=== DATA SEGMENT ===
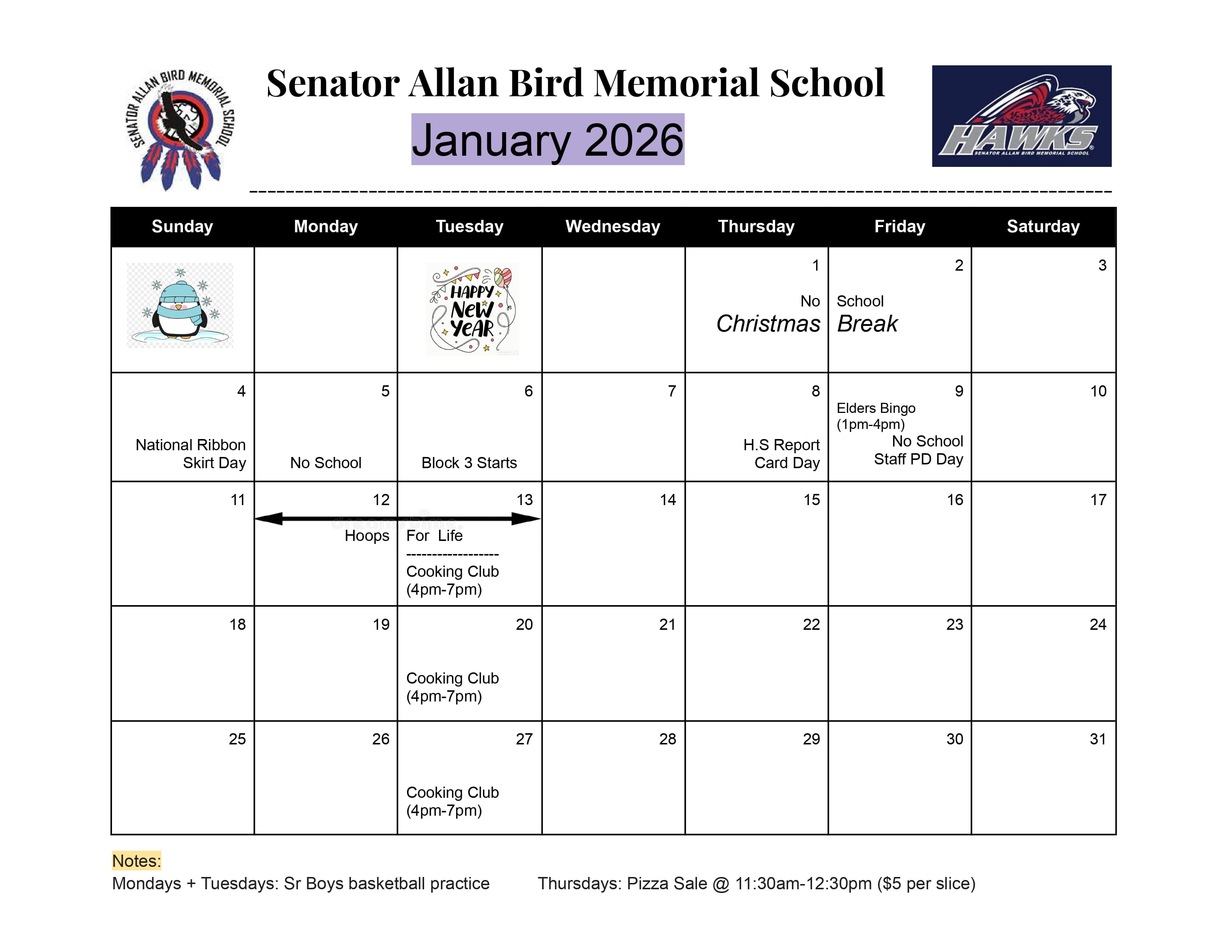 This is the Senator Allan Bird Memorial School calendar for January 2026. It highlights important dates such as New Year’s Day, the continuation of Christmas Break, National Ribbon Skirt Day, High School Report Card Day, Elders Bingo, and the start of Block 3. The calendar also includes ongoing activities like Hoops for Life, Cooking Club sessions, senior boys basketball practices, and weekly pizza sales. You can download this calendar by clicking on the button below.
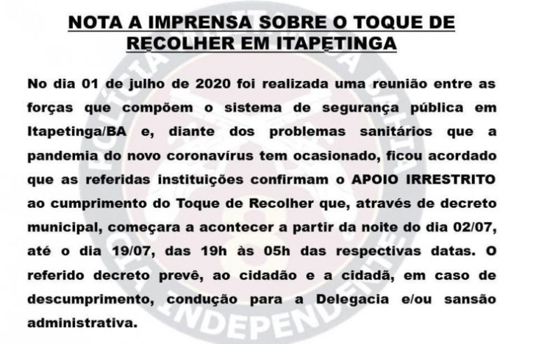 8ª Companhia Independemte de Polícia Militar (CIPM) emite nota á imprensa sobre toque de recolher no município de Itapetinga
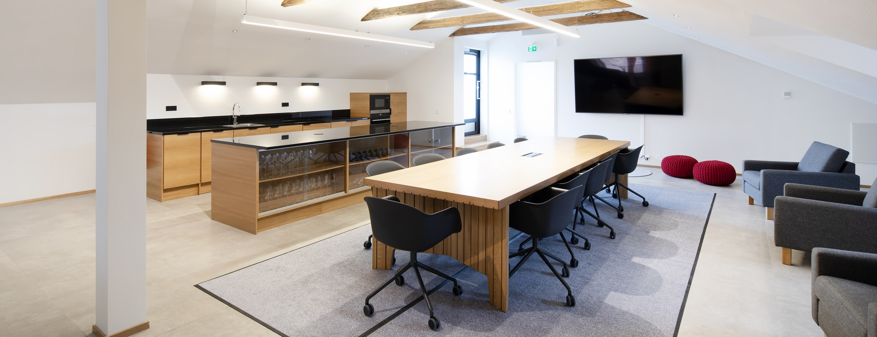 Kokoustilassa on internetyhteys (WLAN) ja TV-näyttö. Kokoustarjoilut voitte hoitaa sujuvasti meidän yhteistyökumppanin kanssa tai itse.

=== YOUR GOAL ===
Please ensure that the data above is repeated exactly, with no pictures in the copy.

=== ANSWER TO THIS EXERCISE ===
 This is the Senator Allan Bird Memorial School calendar for January 2026. It highlights important dates such as New Year’s Day, the continuation of Christmas Break, National Ribbon Skirt Day, High School Report Card Day, Elders Bingo, and the start of Block 3. The calendar also includes ongoing activities like Hoops for Life, Cooking Club sessions, senior boys basketball practices, and weekly pizza sales. You can download this calendar by clicking on the button below.
 8ª Companhia Independemte de Polícia Militar (CIPM) emite nota á imprensa sobre toque de recolher no município de Itapetinga
 Kokoustilassa on internetyhteys (WLAN) ja TV-näyttö. Kokoustarjoilut voitte hoitaa sujuvasti meidän yhteistyökumppanin kanssa tai itse.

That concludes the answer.